|Book Details :|
Bioclimatic Housing Innovative Designs For Warm Climates Edited by Richard Hyde | PDF Free Download.
This is an extremely timely book as we grapple with the growing challenge of staying cool in our buildings in a rapidly warming world.
Alarm bells are now ringing as the pace of climate change escalates and temperatures create records on a daily basis around the world. 2005 was the hottest year in Australia since records began in 1910.
Record temperatures swept across parts of South Asia, Southern Europe, North Africa and the south-western US, and long-term droughts are devastating the Horn of Africa, north-western US and many parts of Australia.
In 2005, these droughts also led to severe food shortages in a number of regions around the world. Reports of such devastation seldom touch us deeply as designers. What does make an impact is when these facts are translated into design criteria for our buildings.
When we hear of extreme temperatures experienced in cities around the world – 55°C recorded in Kuwait city in 2005; 54°C in Karachi and Basra; 52°C in Islamabad – we start to think about how we would keep people cool indoors in such climates.
In the much cooler climates of Europe, in two weeks during July 2003, temperatures soared to over a mere 40°C and over 35,000 people died there of heat-related causes.
These were largely the vulnerable elderly, in traditional buildings that were no longer able to provide adequate cooling for their occupants.
Mankind can adapt to an extraordinary range of temperatures as a species if we are given the time to do so; but the speed of these rises in temperature is the real killing factor. Global warming is now known to be speeding up.
In 2005, global temperatures were 0.75°C above the 1950 to 1980 average, and some sources are now predicting that by 2026 this may increase to 2°C hotter than this average. The only way in which we can cope with this level of climate change is to adapt rapidly to living in a warmer world, and fundamental to this adaptation in the built environment is the adoption of more effective, and widely used, methods for passively cooling buildings.

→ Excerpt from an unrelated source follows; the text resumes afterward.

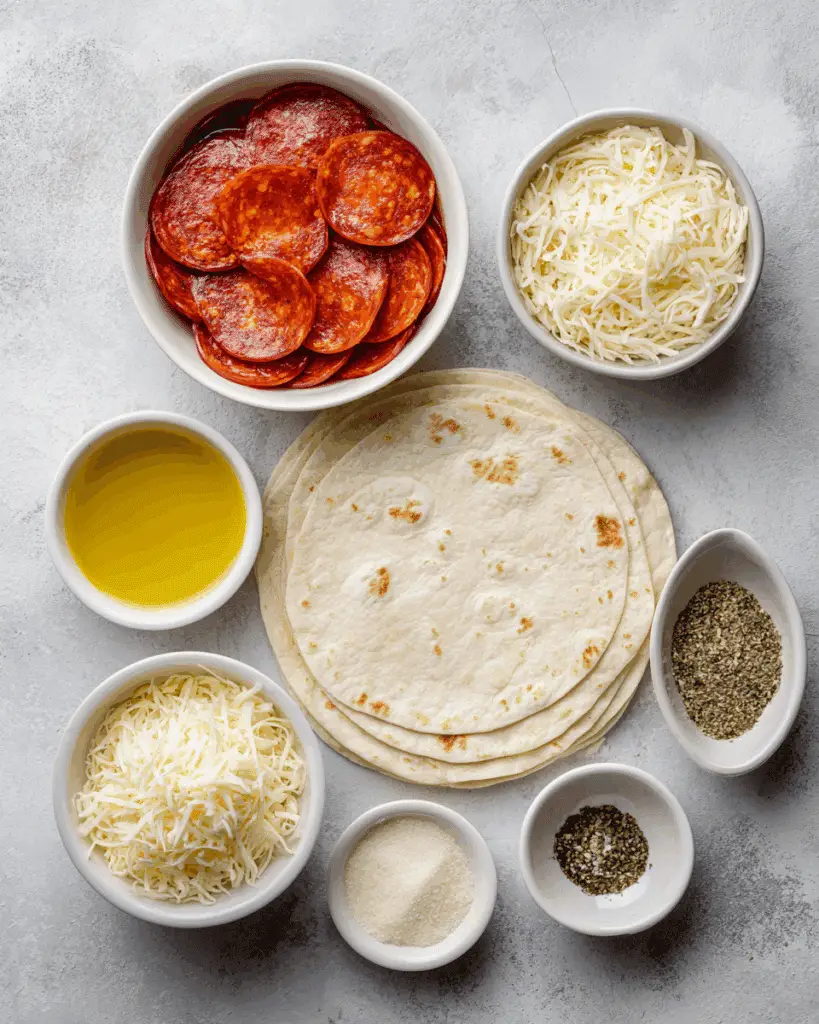 - Combine Ingredients: On a cutting board, layer mozzarella, pepperoni, pizza sauce, oregano, and garlic powder in the center of the tortilla.

Air-conditioning systems are increasingly seen as a part of the climate change problem, as well as its solution, as the yawning gap grows between the amount of fossil fuels used in the world and the falling amounts of fossil fuels that are available to run these machines.
Not only is the rising cost of energy a problem, perhaps least to those who could not afford air conditioning anyway, but the fact that the energy used to run these systems is a major contributor to greenhouse gas emissions.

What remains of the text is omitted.